Also on October 21, 2010, Omeros and LSDF entered into a Grant Award Agreement (the “LSDF Agreement,” and together with the Vulcan Agreement, the “GPCR Funding Agreements”) pursuant to which LSDF made a grant award to Omeros of $5 million that will be paid against expenses incurred by Omeros related to the GPCR Program. In exchange for these payments, Omeros has agreed to pay to LSDF a portion of net proceeds that it receives from the GPCR Program as described above. Under the LSDF Agreement, after LSDF receives $25 million from Omeros, any remaining amounts that would be payable by Omeros to LSDF pursuant to the agreement will instead be paid to LSI. If for any reason LSDF does not provide the full $5 million to Omeros, LSDF’s percentage share of net proceeds will be reduced in proportion to the amount it actually pays to Omeros. Omeros’ obligations with respect to LSI are limited to creating LSI’s charter documents, incorporating LSI, selecting directors and applying for tax exempt status, all in consultation with LSDF. Omeros has no other obligations, funding or otherwise, to LSI.

The LSDF Agreement also contains customary covenants and events of default. Upon the occurrence of an event of default, LSDF may, among other things, stop providing any additional funding to Omeros and require that all payments that were directed to LSI be instead paid to LSDF. The term of the LSDF Agreement expires on the six-month anniversary following the last date that Omeros delivers a report related to its incurrence of grant-funded expenses described in the LSDF Agreement, provided that certain obligations will survive the expiration of the term. The term of Omeros’ payment obligations under the LSDF Agreement is the same as that under the Vulcan Agreement.
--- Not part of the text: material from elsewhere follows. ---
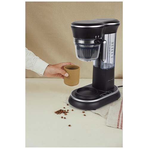 Grâce à la cafetière avec moulin Capri, profitez des arômes et du goût uniques des grains de café fraîchement moulus. Elle est idéale pour les grands amateurs de café, car vous pouvez choisir la quantité d'eau (jusqu'à 450 ml) et de grains (jusqu'à 50 g) pour préparer le café à votre goût. De plus, elle comprend une tasse en aluminium de 450 ml avec couvercle pour déguster votre café en déplacement.
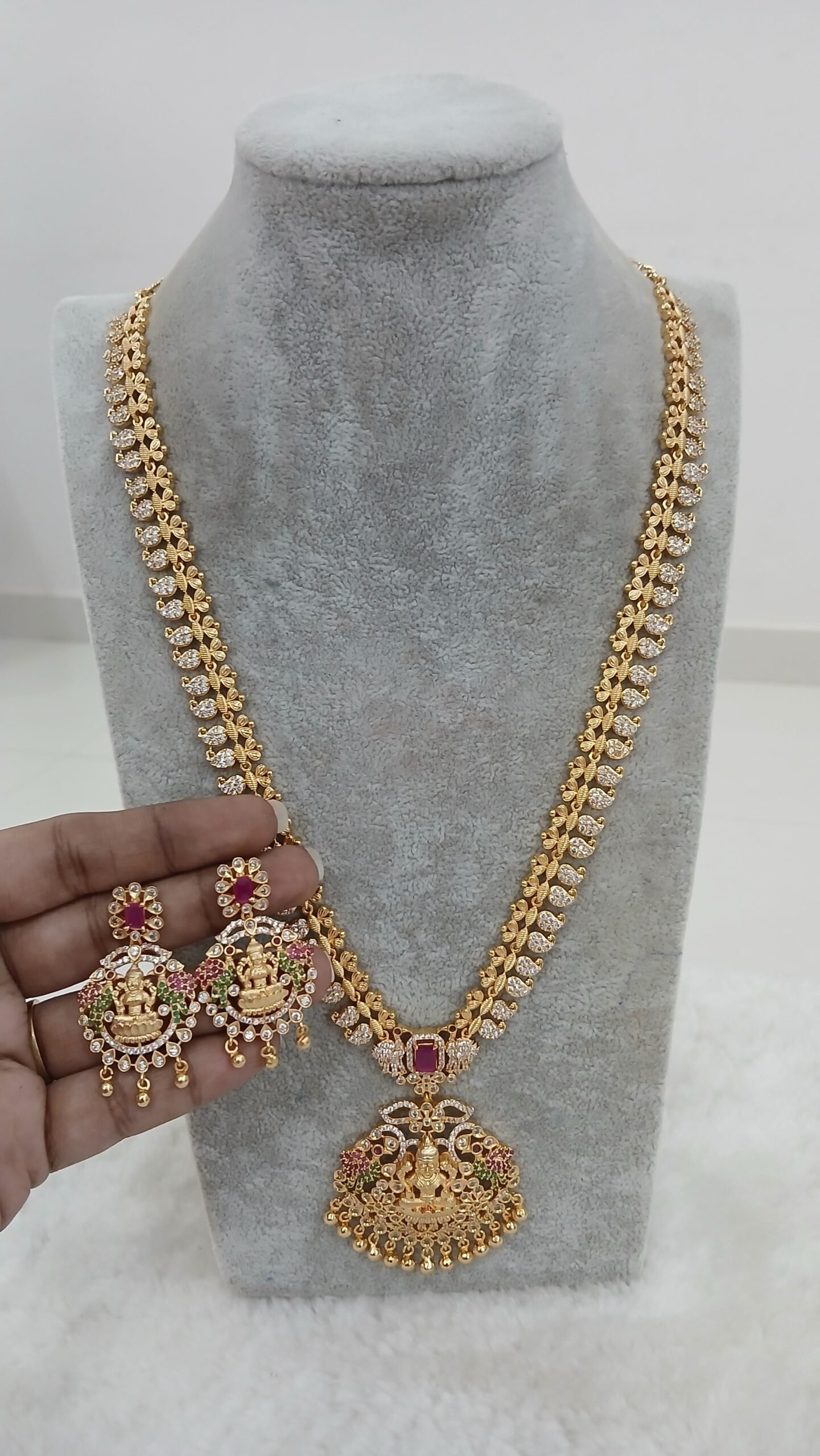 Long mango haaram with Lakshmi pendant ( Micropolish )

In addition, Omeros may dispose of all or substantially all of the assets related to the GPCR Program without LSDF’s prior consent if Omeros, at Omeros’ option (a) assigns the LSDF Agreement to the purchaser and causes such purchaser to agree to assume the obligations thereunder (in which case the consideration received by Omeros in connection with such transaction would be excluded for the purpose of calculating net proceeds) or (b) not make such assignment (in which case the consideration received by Omeros in connection with such transaction would be included for the purpose of calculating net proceeds). Further, Omeros may enter into a change in control transaction without obtaining the consent of LSDF if the LSDF Agreement is assigned to the counterparty to such transaction and such counterparty assumes Omeros’ obligations thereunder. The consideration received by Omeros or its shareholders in connection with any such transaction will be excluded from the calculation of net proceeds pursuant to the LSDF Agreement. LSDF may assign its rights under the LSDF Agreement to any person that is not an Omeros competitor.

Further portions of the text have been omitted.